069 – “Improving In-Process Control for Thermal Spray”

Author: Michael Lucis, David Ward
Company: USAF AFMC 76 PMXG
Phone: (405) 739-2948, (405) 582-1941
Email: michael.lucis@us.af.mil

In an effort to modernize the monitoring and control of thermal spray, three innovative sensors were developed and are being put into use in the 76 PMXG thermal spray area: the plume-optimization camera, the in-situ coating properties sensor, and the in-situ thickness monitor. The thermal spray process is used frequently in the overhaul and repair of engine parts to apply various coatings such as hard face coatings, thermal barrier coatings, abradable coatings, and coatings for material build up. Currently quality control for the thermal spray process is performed in post process through destructive inspection of witness coupons coated alongside the part. This post process inspection is labor intensive and high in volume, as 76 PMXG processes over 9,000 coupons per year. If the coating does not meet quality requirements, the coating must be stripped from the part and re-applied adding cost and flow days to the repair of the asset.

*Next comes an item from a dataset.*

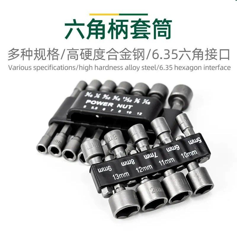 风批套筒六角柄套筒头手电钻气动风批套头电动批头自攻螺丝14件套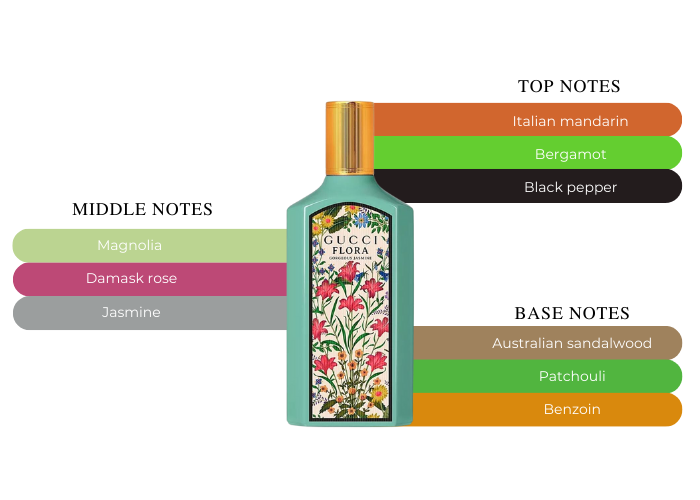 - Middle Notes: Jasmine, Jasmine Sambac, Magnolia and Damask Rose

76 PMXG has been working with Reliacoat Technologies to develop and implement in-situ coating property sensors to characterize coating microstructure quality and thickness before the coating is applied to the asset. The plume-optimization camera (Plume Opt), also developed by Reliacoat Technologies, is used to determine optimal injection of thermal spray powder into the gun flame. This reduces powder waste and coating variability which leads to cost savings. Savings generated are substantial as thermal spray powders range from $10 to $60 per pound, PMXG powder usage totaling a cost of $1.7M per year. By implementing this in-process control, the number of recycles due to failed coating quality has been reduced. The average cost of a thermal spray recycle is $4,000 in material and labor. By demonstration of a repeatable, controlled process, intervals between destructive testing can be lengthened, reducing testing cost and reducing time components spend waiting for quality validation.